◆ Available records:
--------

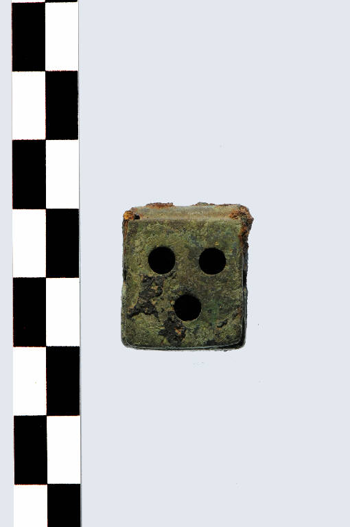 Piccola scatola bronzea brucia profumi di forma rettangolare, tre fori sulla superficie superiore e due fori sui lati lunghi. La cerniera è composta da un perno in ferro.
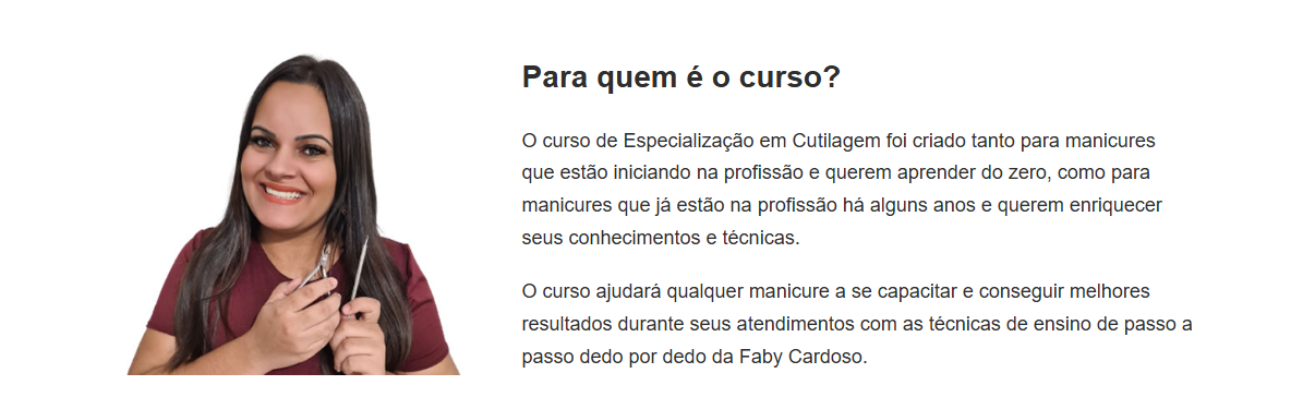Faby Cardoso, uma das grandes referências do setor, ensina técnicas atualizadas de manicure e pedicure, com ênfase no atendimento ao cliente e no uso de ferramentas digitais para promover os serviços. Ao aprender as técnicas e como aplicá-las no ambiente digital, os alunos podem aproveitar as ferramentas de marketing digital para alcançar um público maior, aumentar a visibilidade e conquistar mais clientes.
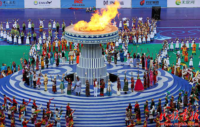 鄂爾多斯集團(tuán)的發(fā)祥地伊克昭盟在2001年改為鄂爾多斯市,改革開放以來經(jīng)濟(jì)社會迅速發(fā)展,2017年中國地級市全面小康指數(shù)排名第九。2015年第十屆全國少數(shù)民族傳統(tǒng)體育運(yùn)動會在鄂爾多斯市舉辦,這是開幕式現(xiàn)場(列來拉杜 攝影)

--------

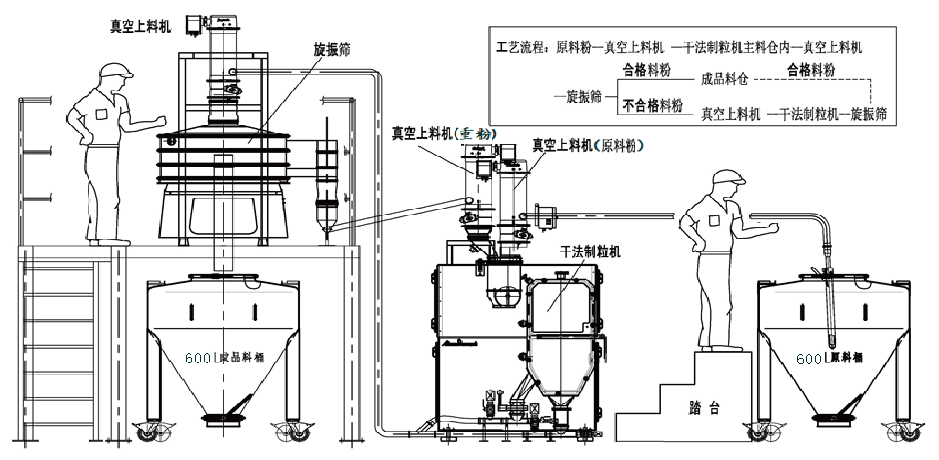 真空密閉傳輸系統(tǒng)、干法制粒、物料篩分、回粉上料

--------

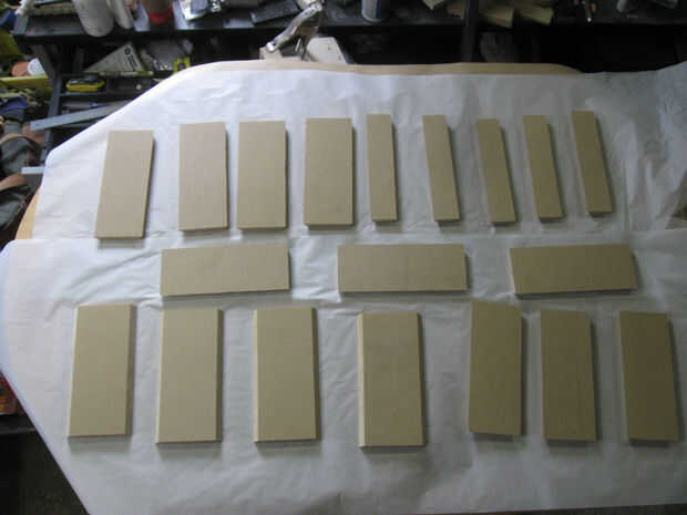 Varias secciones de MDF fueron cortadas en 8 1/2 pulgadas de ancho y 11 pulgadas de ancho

--------

◆ Activity: Copy only this from above: the line containing "Piccola scatola bronzea", the line containing "鄂爾多斯集團(tuán)的發", and all lines between, printed exactly. Leave out the pictures.

◆ Result:
 Piccola scatola bronzea brucia profumi di forma rettangolare, tre fori sulla superficie superiore e due fori sui lati lunghi. La cerniera è composta da un perno in ferro.
Faby Cardoso, uma das grandes referências do setor, ensina técnicas atualizadas de manicure e pedicure, com ênfase no atendimento ao cliente e no uso de ferramentas digitais para promover os serviços. Ao aprender as técnicas e como aplicá-las no ambiente digital, os alunos podem aproveitar as ferramentas de marketing digital para alcançar um público maior, aumentar a visibilidade e conquistar mais clientes.
 鄂爾多斯集團(tuán)的發(fā)祥地伊克昭盟在2001年改為鄂爾多斯市,改革開放以來經(jīng)濟(jì)社會迅速發(fā)展,2017年中國地級市全面小康指數(shù)排名第九。2015年第十屆全國少數(shù)民族傳統(tǒng)體育運(yùn)動會在鄂爾多斯市舉辦,這是開幕式現(xiàn)場(列來拉杜 攝影)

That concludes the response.